結論: NVMe-to-GPU直結転送技術「ntransformer」により、コンシューマGPU 1枚で70Bクラスの大規模LLMを動かせる時代が到来した。

RTX 3090たった1枚で、700億パラメータのLlama 70Bが動く時代が来ました。

  • ✔️ NVMe SSD → GPU へ直接データ転送。CPUを完全バイパスする新技術「ntransformer」
  • ✔️ 従来のmmap方式と比較して最大83倍の高速化を実現
  • ✔️ Hacker Newsで301ポイント・80コメント超の大反響。ローカルLLM民主化の新章

この記事の対象読者:ローカルLLMに興味のあるエンジニア、VRAM不足に悩むAI開発者、オンプレミスLLM導入を検討する企業のIT責任者

今日やること → ntransformerの技術を理解し、自社のローカルLLM戦略を見直す

「70Bモデルを動かしたい。でもVRAMが足りない」——ローカルLLMに取り組む人なら、一度はぶつかる壁ですよね。Llama 3.1 70Bをフル精度で動かすには約140GBのメモリが必要。4ビット量子化しても35GB。RTX 3090の24GB VRAMじゃ、どう逆立ちしても入りきらないわけです。

ところが2026年2月、この常識を覆すプロジェクトがHacker Newsに登場しました。その名は「ntransformer」。NVMe SSDからGPUメモリへダイレクトにデータを流し込み、CPUを完全にスキップするという、ちょっと信じがたいアプローチでLlama 3.1 70BをRTX 3090の1枚で動かしてしまったんです。

Show HNとして投稿されたこのプロジェクトは、あっという間に301ポイント・80コメント超を獲得。「VRAM不足の壁を突破する」技術として、世界中のエンジニアの注目を集めています。

この記事では、ntransformerの技術的な仕組みからベンチマーク結果、Hacker Newsでの賛否両論、そして日本企業がこの技術をどう活用すべきかまで、徹底的に解説します。

何が起きたのか——ntransformerの全貌

そもそもなぜVRAMが足りないのか

まず前提を整理しましょう。LLMの推論(inference)では、モデルの重み(weights)をGPUのVRAMに載せて計算を行います。Llama 3.1 70Bは名前の通り700億パラメータ。FP16で格納すると約140GB、最も一般的なQ4_K_M量子化でも約35GBが必要です。

コンシューマ向けGPUで最もVRAMが多いのはRTX 3090/4090の24GB。つまり、どんなに圧縮しても70Bモデルは1枚のGPUに収まらないんですよね。

従来の解決策は大きく3つでした。

  1. マルチGPU構成:2枚以上のGPUでモデルを分割。
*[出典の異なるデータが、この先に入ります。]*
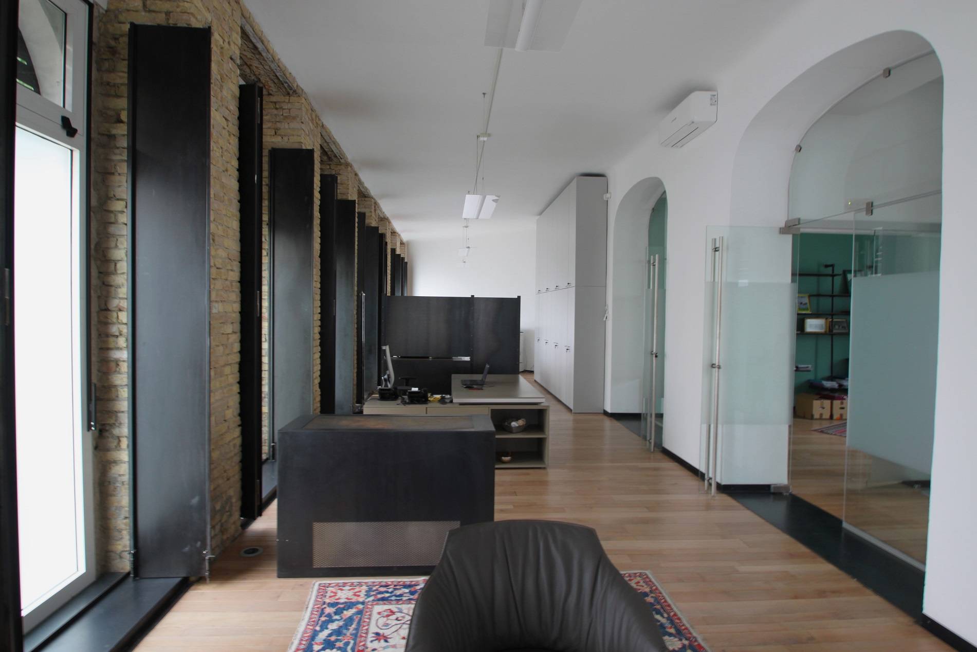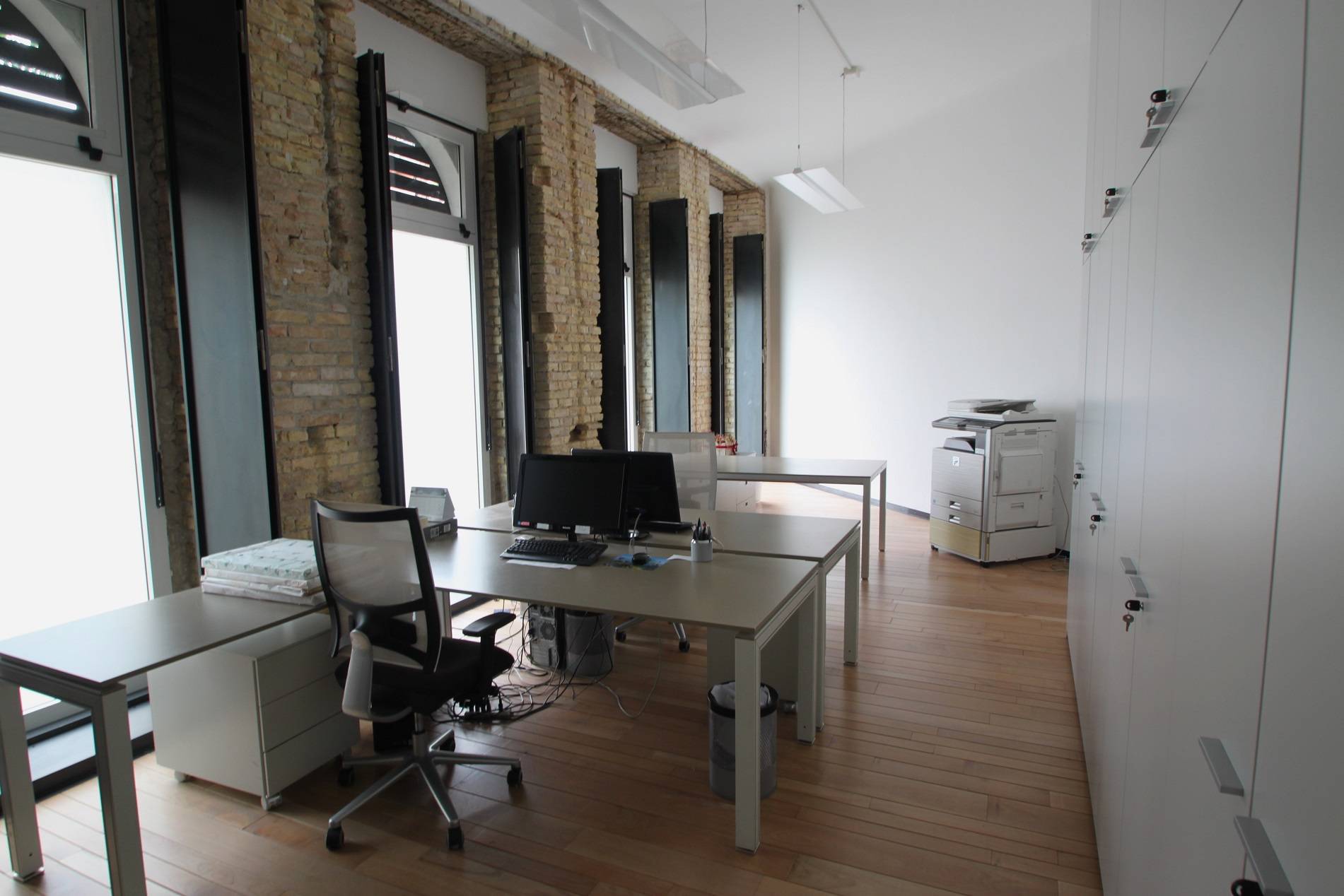 In posizione centrale ed ottimamente servita, in palazzo storico ristrutturato, proponiamo elegante ufficio al piano terra composto da ingresso con reception e zona dattesa, sala riunioni, stanza archivio, ampio ambiente con 3 postazioni lavoro, oltre a ripostigli, servizio e locali tecnici con accesso esterno.
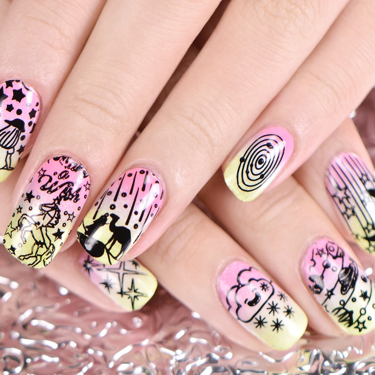 BeautyBigBang Star Moon Design Stamp For Nails Accessoires Starry Sky Stencil Mold Nail Stamping Pl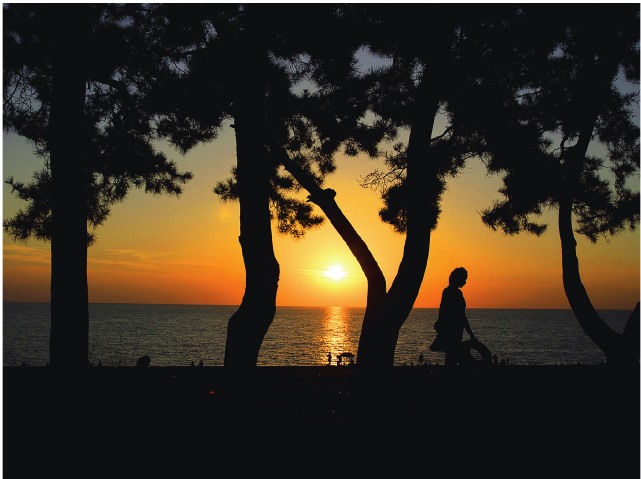 По ярко освещенной, выстланной плиткой сосновой аллее вдоль погасшего моря гуляет нарядная толпа. Островки открытых кафе выхвачены из сумрака призрачным светом и музыкой.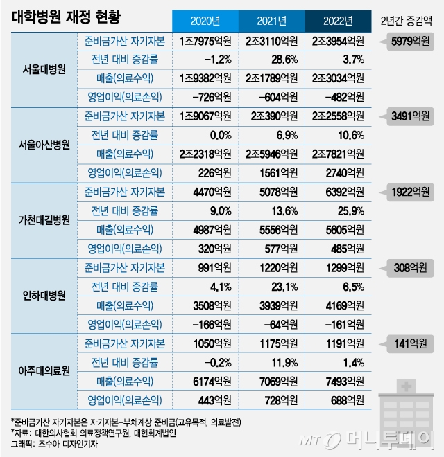 서울대병원의 경우 자기자본과 부채계상 준비금을 합한 준비금 가산 자기자본이 2020년 1조7975억원에서 지난해 2조3954억원으로 5979억원 불어났다. 같은 기간 서울아산병원은 1조9067억원에서 2조2558억원으로 3491억원 증가했다. 가천대병원 1922억원, 인하대병원은 30억원, 아주대의료원은 141억원 늘었다. 2년간 준비금가산 자기자본이 모두 두 자릿수 비율로 늘어났다.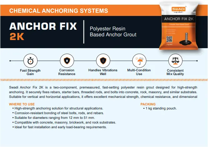 Swadi Anchor Fix 2K is a two-component, premeasured, fast-setting polyester resin grout designed for high-strength anchoring. It securely fixes rebars, starter bars, threaded rods, and bolts into concrete, rock, masonry, and similar substrates. Suitable for vertical and horizontal applications, it offers excellent mechanical strength, chemical resistance, and dimensional

でも高い
  2. CPU/RAMオフロード:VRAMに入りきらないレイヤーをシステムRAMに退避。でも遅い
  3. 小さいモデルで我慢:7Bや13Bに妥協。でも性能が違う

ntransformerは、この「VRAM < モデルサイズ」問題に対して、まったく新しい第4のアプローチを提案しました。

ntransformerとは何か

ntransformerは、C++/CUDAで書かれた高効率LLM推論エンジンです。開発者のxaskasdf氏がGitHubでBSD-2-Clauseライセンスとして公開しています。

核心的なアイデアは驚くほどシンプルなんです。

「モデルの全レイヤーをVRAMに載せる必要はない。必要なレイヤーだけをNVMe SSDからGPUメモリへ”直接”ストリーミングすればいい」

ポイントは「直接」の部分。通常、NVMe SSDのデータをGPUに渡すには「NVMe → CPU/システムRAM → GPU」という経路を通ります。CPUがデータを一度受け取って、それをGPUに転送するんですね。これが「バウンスバッファ」と呼ばれるボトルネックです。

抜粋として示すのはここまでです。